Friday, April 30, 2010

The Butchart Gardens (Summer 2007)


Saturday, May 16, 2009

Music, Video and Creative "Mixing"

I originally wrote this entry on October 3, 2004, and published it on blogs.sun.com.


Professor Lawrence Lessig of Stanford Law School, whose weblog is always worth a diligent read, points to some recent mixes (including this video mix by DJ Spooky and some musical mixes) and reports from the Wired Magazine's Creative Commons Concert. In the meantime, it may be worthwhile to check out some other pieces of music, particularly these songs. I'm not sure if these songs are released under CC, but still they sound quite wild and full of mixing of the Brechtian style.


One of the main arguments of Lessig's most recent book, Free Culture, is that burdening creative mixing with prohibitively strict copyright laws will have seriously adverse effects on all kinds of ceativity, particularly of the artistic kind. Ultimately, such a burden will stifle "free" evolution of culture. (I've written a short and still unfinished critique of the "free" in "free culture" here. Elsewhere, I have written regarding Lessig's view on the operating taboo against political discourse.)


Friday, May 08, 2009

Cat Stevens, Terror Suspect


I originally wrote this entry on September 22, 2004, and published it on blogs.sun.com.


My wife (my best source of news) informs me that Cat Stevens (Yusuf Islam) was denied entry to the U.S. today.













Photo from: www.kyaz.com


Reports of this incident appear on Reuters, The International Herald Tribune, the BBC, The Malaysia Star, CNN, Washington Post, San Jose Mercury News, Seattle Post Intelligencer, The Australian, Gulf Daily News, NBC, U.S. Newswire, The Independent, Guardian, Culcutta Telegraph, Billboard, Houston Chronicle, Cat-Stevens.DE. . .


You may find more on this incidence on Yusuf Islam's web site: www.yusufislam.org.uk.


This should be about "Art," and I'm posting it under that category, but it belongs in its real unfolding to my "Society" category, a mismatch which simply demonstrates the limits of categorization.




When we deal with real-world events, they can only be understood in their totality and fail to fit into artificial digital divisions.


In the aftermath and in a wonderfully written essay for Asia Times Online, Maliha Masood, a graduate of the Fletcher School of Law and Diplomacy at Tufts University started with Yusuf Islam's story and moved onto Rumi's popularity in the U.S.




Thursday, March 26, 2009

To each sex its own door hammer!

I originally wrote this entry on August 25, 2004, and published it on blogs.sun.com.


Proper greetings require prior identification of the person one greets before one opens the door for the purpose of greeting that person.
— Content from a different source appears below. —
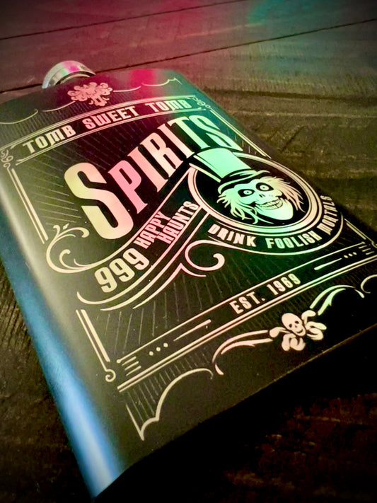 Flask - Haunted Mansion Spirits 8oz (includes funnel) Stainless Steel Hatbox Ghost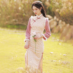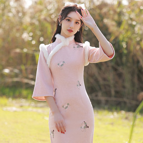 旗袍2021秋冬季新款加绒加厚改良高端粉色过年小袄...

Electronics has solved this problem for apartment buildings. Curtains and little spying eye pieces on doors have done the same for detached homes. In some cases, when the detached home has a fence or a wall surrounding it, people may resort to electronics instead.


Matters stood differently when people lived quieter, more meditative lives.




























To the left, you can see a picture of the Boroujerdis' Mansion.


It was built about 200 years ago by a famous merchant of Kashan, Iran, named Haj Seyed Jaefar Boroujerdi and bears great importance in view of its architectural style and paintings. The frescoes of this mansion were painted by Sani-ol-Molk Ghaffari Kashani (founder of a painting school in Iran) and the great Kamal-ol-Molk, the miniaturist.


There are scores of these mansions in Kashan, many of them under repair and maintenance work.





Women knocked on this door as they entered the Boroujerdis' mansion.





. . . and men on this one . . .


The two different door hammers make different sounds to inform the residents of the house so that appropriate welcome could be given and received.


I distinctly remember our ancestral home in Ardabil, where I visited during the summers until I was 12 or 13. It had exactly the same two-hammer door panels, one for the ladies and one for the gentlemen. That ancestral home was sold when I came to the U.S. I visited it last summer. On the land, where the old house once stood, a monsterous (to me, not the builder) modern building had been erected. It was the 3rd house on the same land since its sale 25 years ago.





One of the surviving side doors of the Boroujerdis' mansion has the same two-door, ladies' and gentlemen's sides.





Negin, my daughter, hammers on the ladies' side of yet another door in Kashan.


Sunday, March 22, 2009

Wheelchair Robots in Love


I originally wrote this entry on August 16, 2004 and published it on blogs.sun.com.








Mari Velonaki--Embracement 2003 Light reactive installation [still image] in collaboration with Steve Scheding and David Rye image courtesy of the artist and Novamedia

Reuters television has posted a video report of some Wheelchair Robots in Love. The wheelchairs are designed by artist Mari Velonaki and developed by scientists from the Australian Centre of Field Robotics. (By the time you read this, the video may not be on the top of Reuters' video stack but you may be able to search and find it. If the links here don't get you to the video clips, look under the Life video series at Reuters Television.)